I agree. A BOM should be required and is even specified by Microsoft.

Tom
"Giovanni Dicanio" <giovanniDOTdicanio@REMOVEMEgmail.com> wrote in message
news:%236s9Zh%23EJHA.4104@TK2MSFTNGP04.phx.gbl...

Hi Tom,

"Tom Serface" <tom.nospam@camaswood.com> ha scritto nel messaggio
news:A416EB5B-6AC7-4370-A6EE-ADEF45CC74AB@microsoft.com...

In addition to what others have written, if you are using CStdioFile you
should use WriteString and ReadString. How did you look at the file.

I still don't trust CStdioFile to write text to files...

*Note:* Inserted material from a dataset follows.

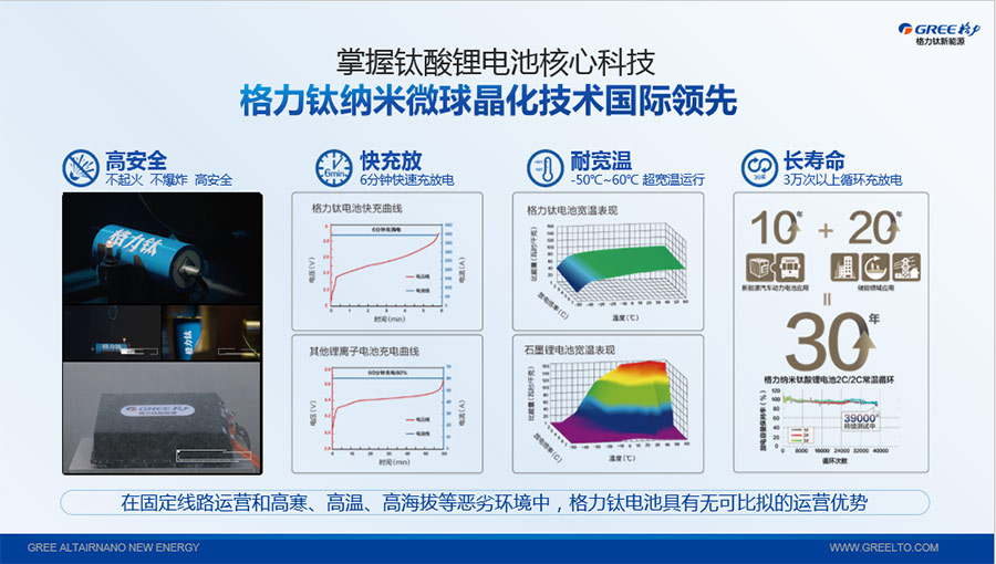 鈦酸鋰電池技術是新能源行業(yè)唯一獲得中國專利獎金獎的鋰電池產品技術,其應用于儲能電池和動力電池具有超高安全性,在快充放、耐寬溫、長壽命等方面同樣具有卓越的性能。格力鈦電池系列產品具有不起火不爆炸高安全、6分鐘快充放、-50℃至60℃耐寬溫特性,循環(huán)充放電次數高達30000多次,使用壽命長達30年。格力鈦電池經利鋸切割、尖針穿刺、強力擠壓、電鉆沖孔、短路充放電、高溫加熱、槍擊等極限條件測試,均未發(fā)生冒煙、起火、燃燒、爆炸等現象。

I tried this simple MFC code snippet using VS2008, in Unicode mode:

<code>

   CStdioFile outFile;
   if ( ! outFile.Open( L"test.txt",
         CFile::modeCreate | CFile::modeWrite | CFile::typeText ) )
   {
       AfxMessageBox( L"Error opening file" );
       return;
   }

   outFile.WriteString( L"Ciao\n" );
   outFile.WriteString( L"Poich?" );

</code>

Then I opened the file with Cygnus Free Edition in binary mode, and I
found that file bytes are (hex): 43 69 61 ... E9.
There are 12 bytes in total. That means that the text was not written in
Unicode UTF-16, because in UTF-16 there are 2 bytes for each character.
Moreover, there is no BOM (which should be required for UTF-16, e.g. to
identify if it is using UTF-16 LE or BE).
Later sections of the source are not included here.